Plan Quality: The system’s plan consistently achieved high furnace utilization (97-100% of 4,000 kg capacity) while automatically selecting sand castings with higher composite priority scores. Manual plans, while often achieving good weight, were less consistent in systematically prioritizing orders based on the multi-criteria score.
Scheduling Efficiency: The manual process for planning a single charge for complex sand castings mixes took experienced planners 6-8 minutes on average. The system reduced this to approximately 2.2 seconds per charge, a speed-up of over 200 times, dramatically improving planner productivity.
Furnace Utilization: A longitudinal study compared the average poured weight per charge before and after system implementation. Data from months using manual planning (e.g., Dec 2018, Jan 2019) was compared to months using the intelligent system (e.g., Feb, Mar 2019). The results, shown in Table 4, indicate a clear and sustained improvement.

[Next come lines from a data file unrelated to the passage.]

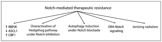 High CBF1 levels are also implicated in drug resistance. Maciaczyk et al. found that targeting CBF1 impairs glioma invasion, suppressing Zeb1, an activator of the epithelial-mesenchymal transition program, and sensitizes cells to drugs other than GSIs. Unfortunately, it was reported that a CBF1 blockade can activate Notch target genes [].
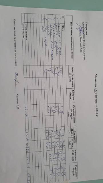 Меню на 15 февраля
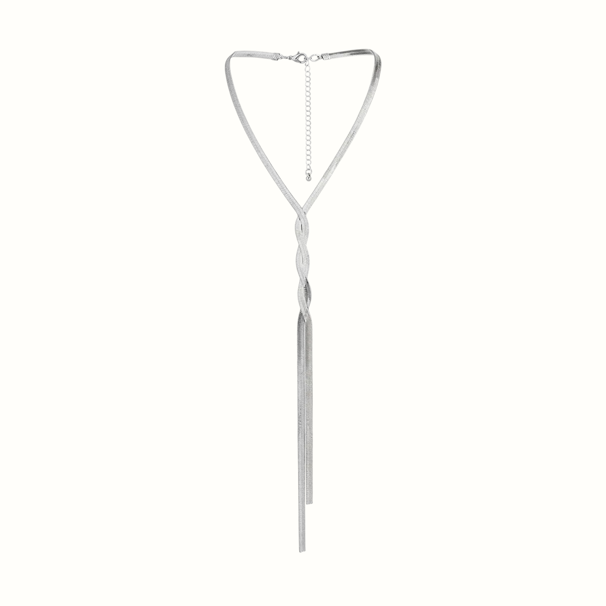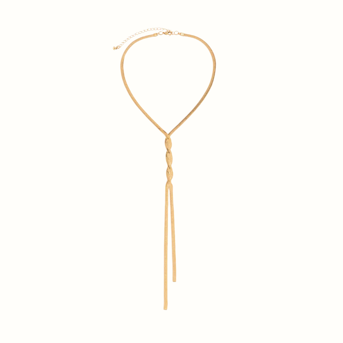 Sa chaîne serpent plate et brillante glisse délicatement sur la peau et crée un effet allongeant ultra chic. La chute fluide attire subtilement le regard et apporte une touche élégante, sans jamais en faire trop.

Period (Manual) Avg. Weight/Charge (kg) Period (System) Avg. Weight/Charge (kg)

Dec 2018 3,506.8 Feb 2019 3,657.1

Jan 2019 3,486.3 Mar 2019 3,678.8

The average utilization increased by approximately 5%, translating directly into higher throughput and better asset use for the sand castings production line.

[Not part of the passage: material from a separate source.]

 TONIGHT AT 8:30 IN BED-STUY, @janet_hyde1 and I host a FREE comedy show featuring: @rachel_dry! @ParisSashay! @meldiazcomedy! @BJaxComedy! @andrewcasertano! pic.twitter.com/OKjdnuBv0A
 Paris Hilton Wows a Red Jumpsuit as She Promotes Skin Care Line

Period (Manual)	Avg. Weight/Charge (kg)	Period (System)	Avg. Weight/Charge (kg)
Dec 2018	3,506.8	Feb 2019	3,657.1
Jan 2019	3,486.3	Mar 2019	3,678.8

Conclusion

This research addresses a critical operational challenge in foundries producing sand castings under a single-piece, small-batch regime. By developing a quantitative priority model that synthesizes delivery urgency, customer value, and production load, the approach provides a structured basis for decision-making. The formal integer programming model precisely captures the constraints and objectives of the melting and pouring charge plan problem for sand castings. The proposed Improved Binary Bat Algorithm (IBBA), enhanced with a state-vector mechanism and hybridized with Cuckoo Search strategies, offers an effective and efficient metaheuristic solution capable of handling real-world problem scales. The implementation of these models and algorithms into an intelligent planning system demonstrably shifts the planning paradigm from experience-based to optimization-driven. The application results confirm significant benefits: the generation of higher-quality charge plans that balance multiple objectives, a drastic reduction in scheduling time, and a measurable improvement in furnace capacity utilization. This intelligent approach provides a solid foundation for enhancing the competitiveness and operational excellence of enterprises specializing in the complex production of sand castings.